A Rose by Any Other Name

“Seriously, Ma, couldn’t you find someone to name me after?”
The first time I had to do a name report for school, I panicked. Mimi was named for her great-somebody-or-other, Esther had stories galore about her namesake, and me? I was in trouble.
I was born the day after Shavuos, and in keeping with the season, was named Shoshana Rus.
Aha.
So, everyone was named for someone, and they could write these beautiful essays about the “very special person” they were named for. Not me.
Even a feeling would have been better: “My parents were so grateful when I was born, and that’s why my name is Yehudis Tehilla Bracha Tova Shira.” But no, I had to be named for… flowers? Really?

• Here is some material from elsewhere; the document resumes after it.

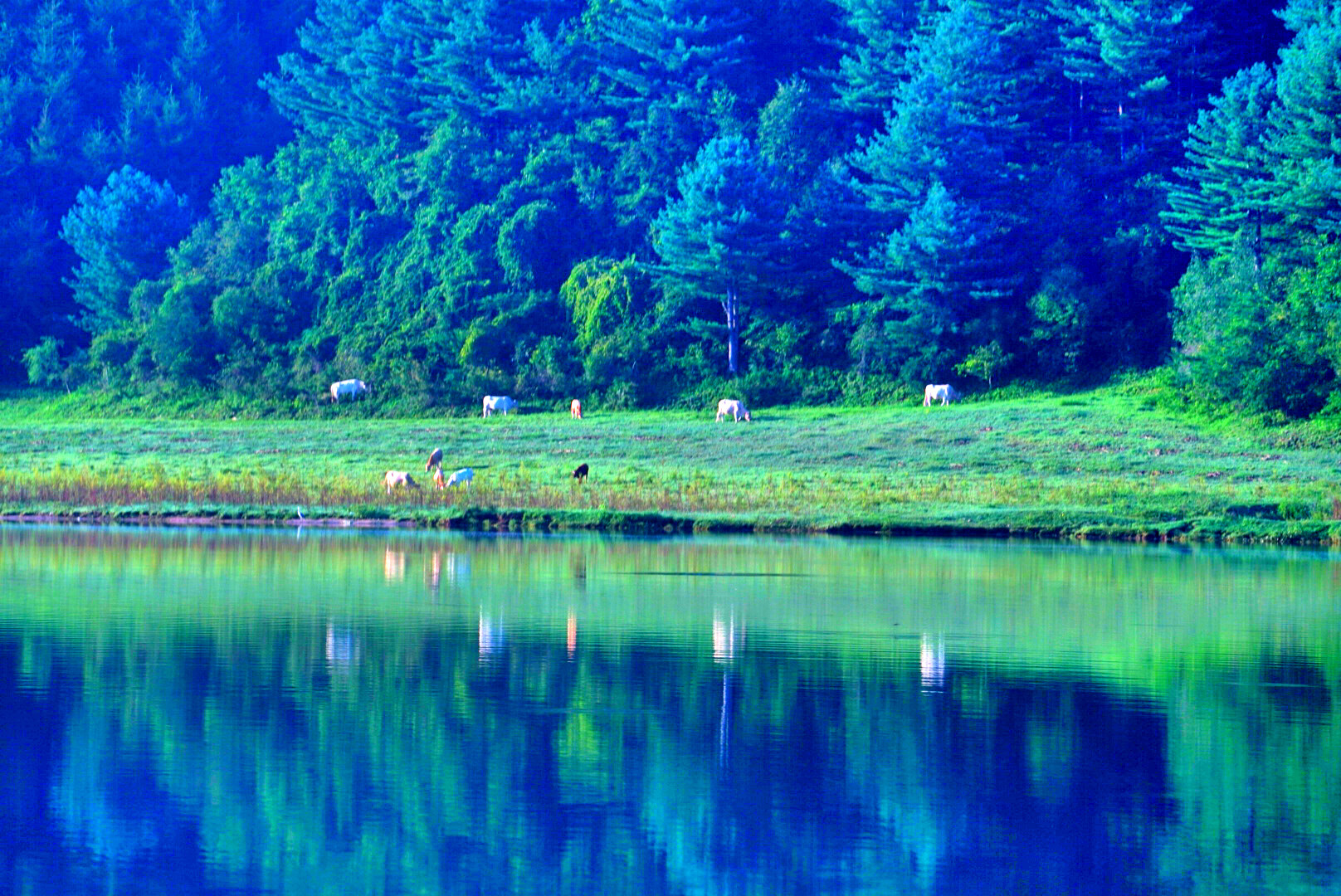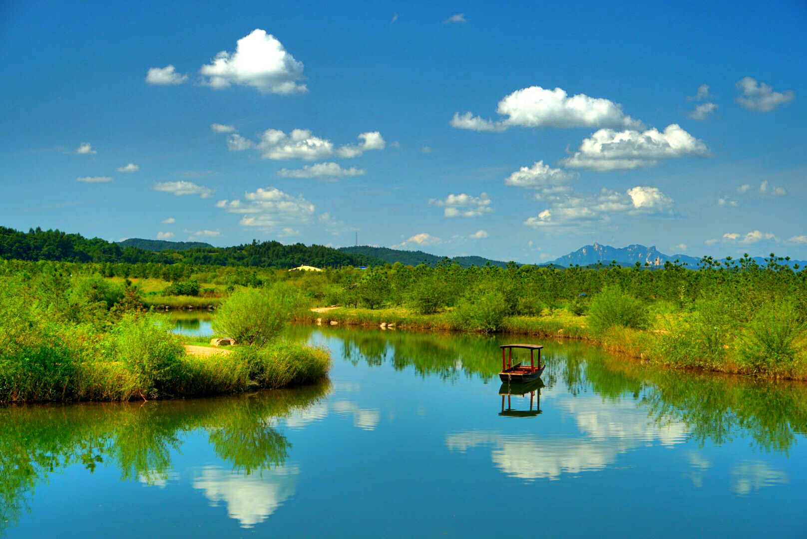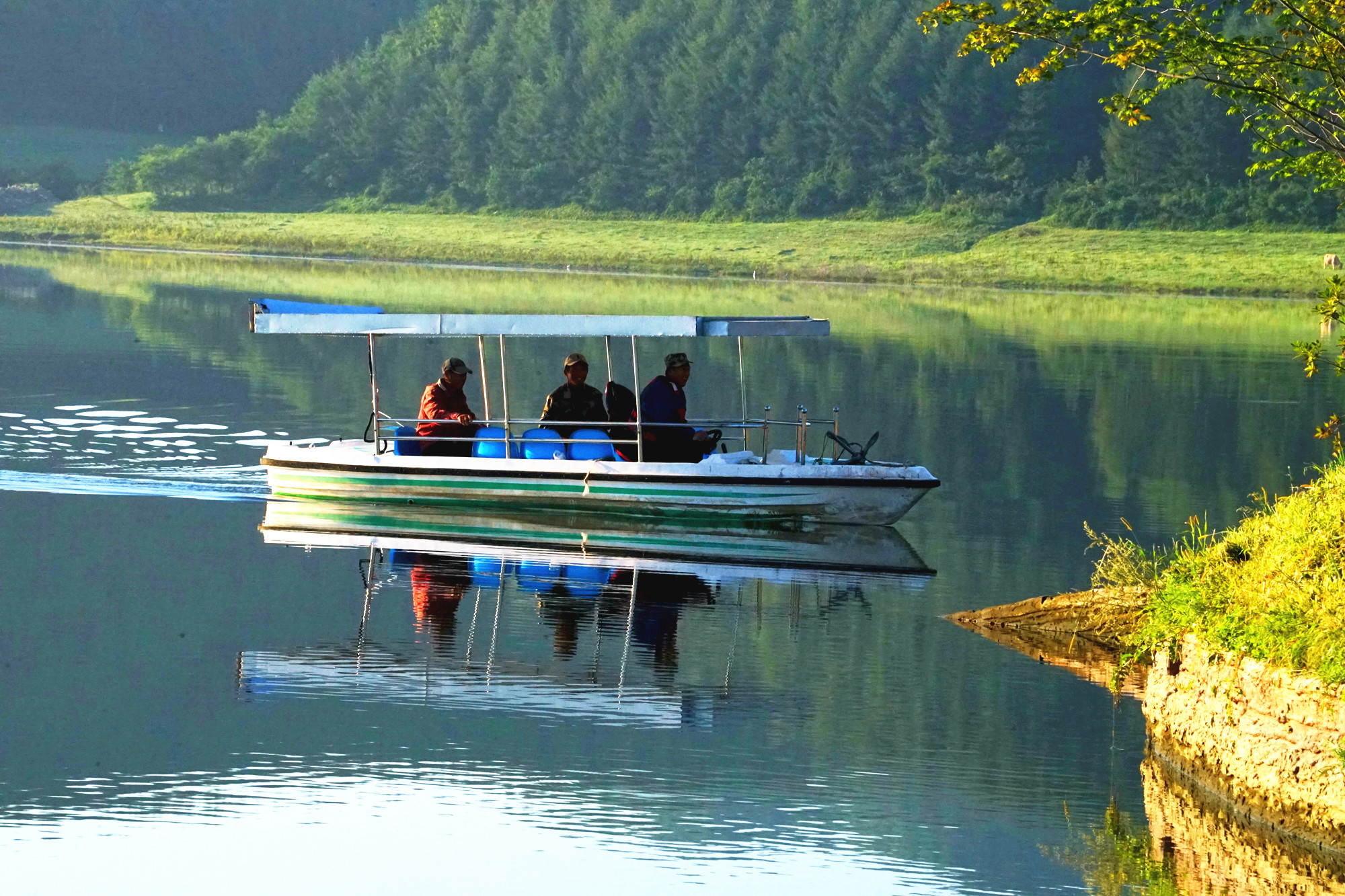 岸边悠闲吃草的牛儿,水面盘旋的苍鹭,为这游玩的人们带来最美的风景。

This angst resurfaced all through elementary school. Sometimes I thought about making it up: I could write a beautiful essay about my great-grandmother Shoshana (was anyone in Warsaw or Pultusk named Shoshana in 1902?) who was a big tzadeikes and headed the women’s chevra kaddisha and married off poor brides.
Or maybe Bubby Shoshana was from the American side, and she slaved away in sweatshops, sewing buttons all day, putting away her pennies to pay yeshivah tuition, and look! She was zocheh to generations of bnei Torah. The End.
But alas, it always came back to the flowers. “I was born in the springtime, the day after Shavuos. My parents chose the name Shoshana, a rose, like the beautiful flowers that adorned Har Sinai….”
Ho-hum.
I wanted a “very special person” to write about, like my sisters did.